-
Notifications
You must be signed in to change notification settings - Fork 929
Description
Background information
What version of Open MPI are you using? (e.g., v4.1.6, v5.0.1, git branch name and hash, etc.)
- Open MPI v5.0.6
Describe how Open MPI was installed (e.g., from a source/distribution tarball, from a git clone, from an operating system distribution package, etc.)
- from a source/distribution tarball
Please describe the system on which you are running
- Operating system/version: Red Hat Enterprise Linux 8.8
- Computer hardware: HPE Cray EX
- Network type: HPE Slingshot
Details of the problem
Please describe, in detail, the problem that you are having, including the behavior you expect to see, the actual behavior that you are seeing, steps to reproduce the problem, etc. It is most helpful if you can attach a small program that a developer can use to reproduce your problem.
I have noticed that sometimes, without any specific regularity, after initiating an mpirun command, a prterun hang occurs, meaning the main executable application does not start. The likelihood of this happening increases when launching a larger number of MPI processes across different computational nodes.
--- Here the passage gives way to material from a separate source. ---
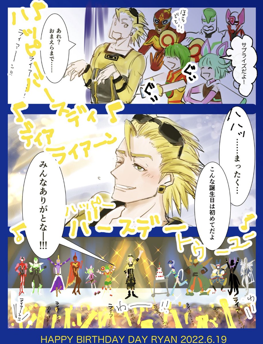 間に合わなかったけどせっかくなのでアップします💦みんなにお祝いされて照れちゃうライアンもいいよね☺️ライアンお誕生日おめでとうー!!サプライズケーキはブルロちゃんが運んでくるよ☺️ #ゴールデンライアン生誕祭2022 #ライアン・ゴールドスミス生誕祭2022
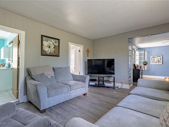 Sitting on a large city lot, this property offers plenty of outdoor space to enjoy, including a covered tiki bar area perfect for entertaining guests. A detached two-car garage adds extra storage and functionality.

Open MPI was compiled with PBS support, as outlined below:
./configure \
CC="gcc" \
CXX="g++" \
FC="gfortran" \
--prefix=${install_dir} \
--enable-shared \
--enable-static \
--with-pbs \
--with-libfabric="/opt/cray" \
--with-libfabric-libdir="/opt/cray/lib64" \
--with-tm="/opt/pbs" \
--with-tm-libdir="/opt/pbs/lib"
I run the application as follows:
mpirun -np 32 pw.x -i scf.input
I have observed the same behavior with earlier versions of Open MPI 5 as well. This issue is not exclusively related to the application I used (i.e. Quantum ESPRESSO) and occurs independently of any specific computational node. In other words, simply restarting the job often resolves the problem.